Auch andere wertvolle Schätze werden dem Puppendoktor auf den Tisch gelegt. So bekam er an dem Vormittag gleich zwei Puppen aus der 1886 entstandenen Puppenmanufaktur Kämmer und Reinhardt. Frau Friedrich erinnert sich: "Meine Großeltern hatten einen großen Pachthof. Während dem Krieg und auch danach sind die Leute gekommen und haben Ware gegen Lebensmittel eingetauscht. Seitdem ist die Puppe in Familienbesitz." Die Lederpuppen haben K&R und einen Davidstern als Logo im Nacken und gelten als wahre Raritäten.

Geier erkennt bei seinen Behandlungen auf den ersten Blick, was für eine Puppe er vor sich hat, woher sie kommt und wann sie hergestellt wurde. Als Frau Weiß ihm ihre Puppe auf den Tisch legt, sagt dieser ohne zu zögern: "Die Inge is‘ des, 70 Jahre alt, eine Schildkröt-Puppe." In diesen erfahrenen Händen lassen Puppenliebhaber ihre Schätze gerne behandeln. Frau Meiler vertraut dem Doktor gleich drei Puppen an, eine für jede ihrer Töchter.
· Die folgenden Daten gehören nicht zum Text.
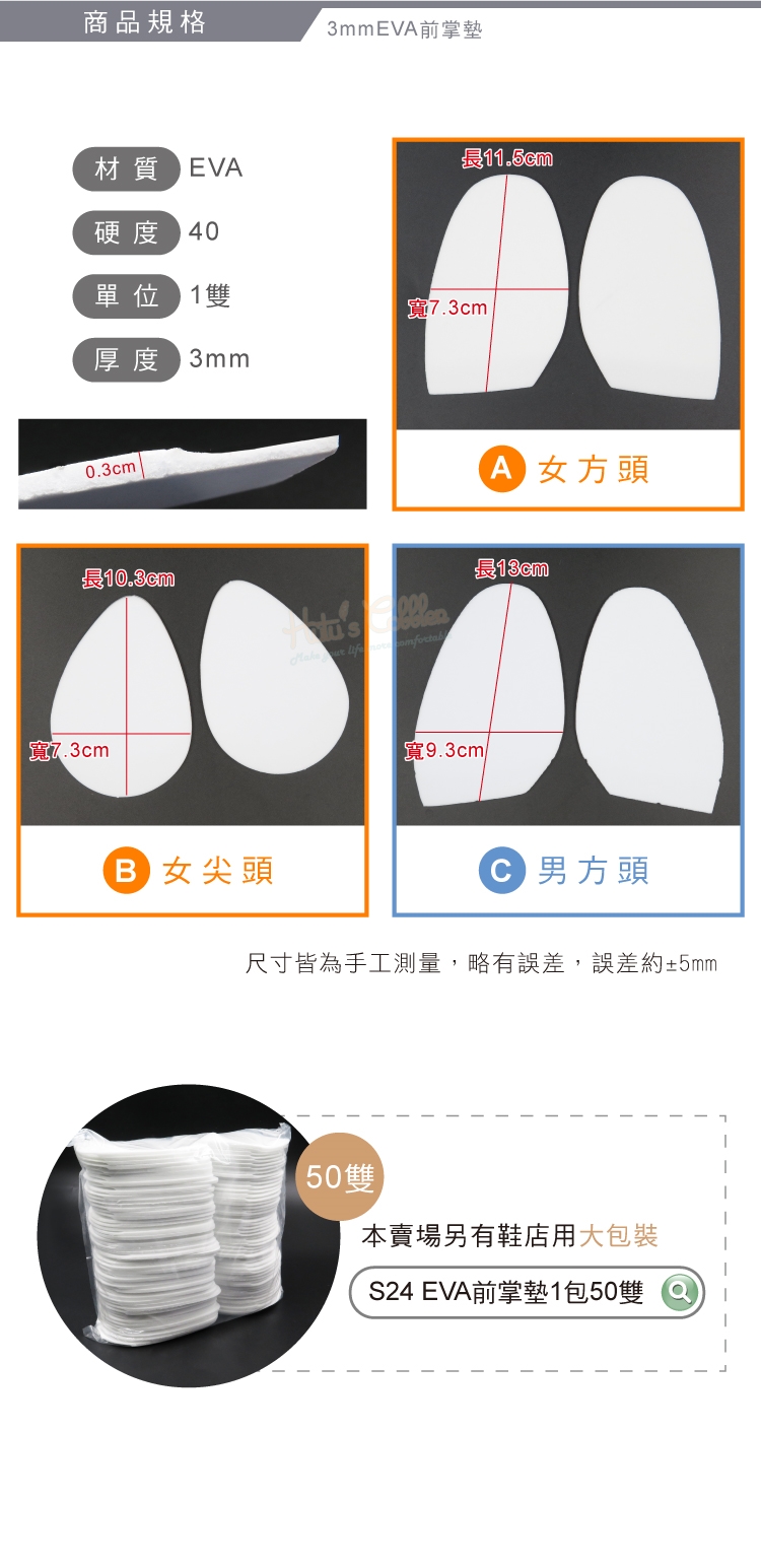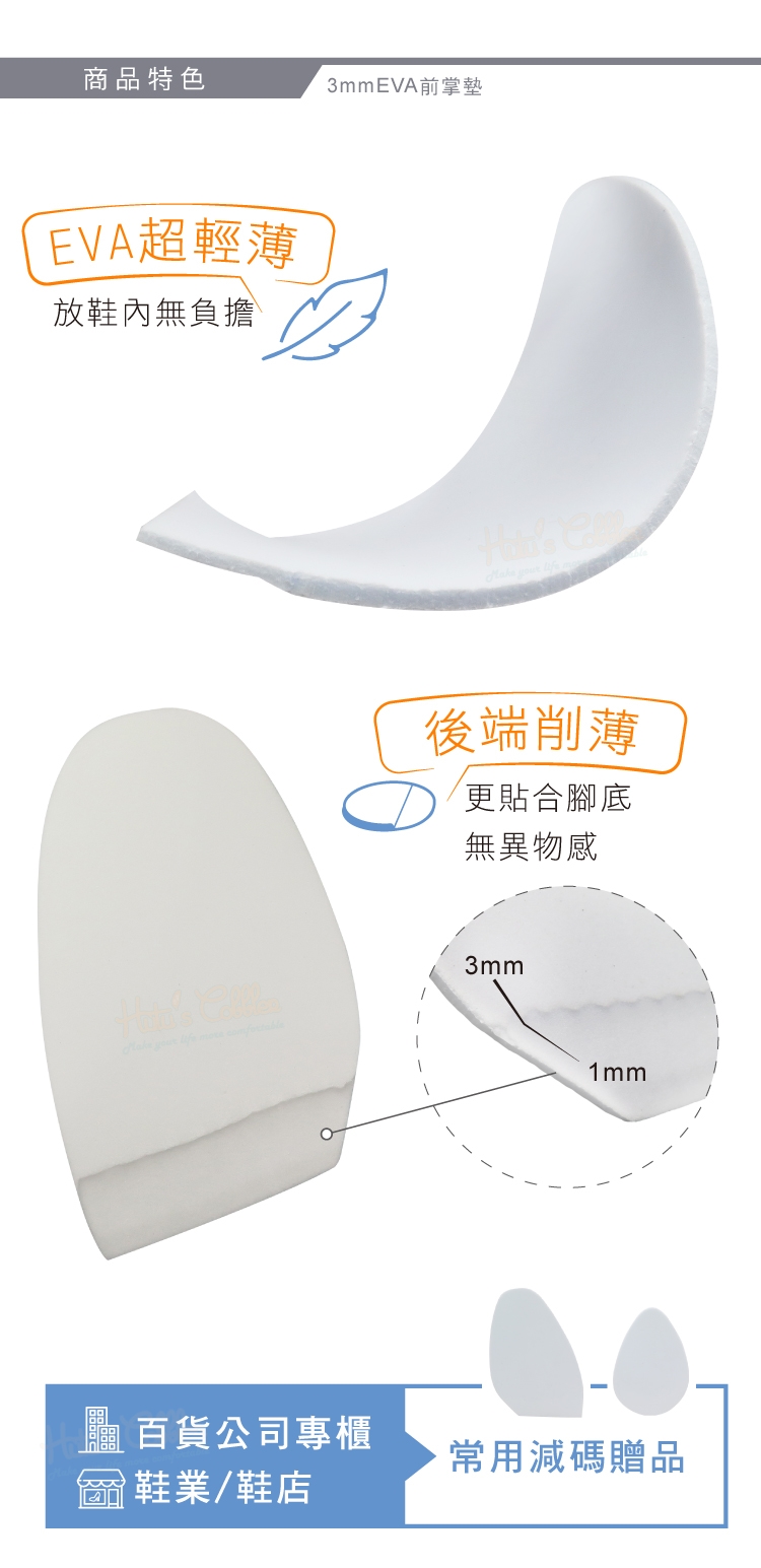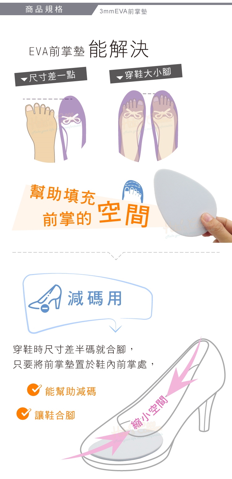 EVA前掌墊能解決尺寸差一點、穿鞋大小腳,幫助填充前掌的空間

"Die lagen jetzt jahrelang auf dem Dachboden, meine Töchter haben sie dagelassen als sie ausgezogen sind. Jetzt will ich sie herrichten lassen und ihnen zu Weihnachten schenken." Auch andere Mütter wollen ihre alten Puppen restaurieren lassen, um sie ihren Töchtern unter den Weihnachtsbaum zu legen. Denn viele Puppen aus früheren Generationen seien nun die Lieblingspuppen der Kleinen, neue Puppen wie Baby Born oder Barbie hätten einfach nicht diesen Ausdruck, das gewisse Etwas. Dem stimmt Günter Geier zu. Die schönen Stücke von früher haben einen Charme. Diesen zu erhalten ist Geiers Aufgabe, Berufung und Leidenschaft.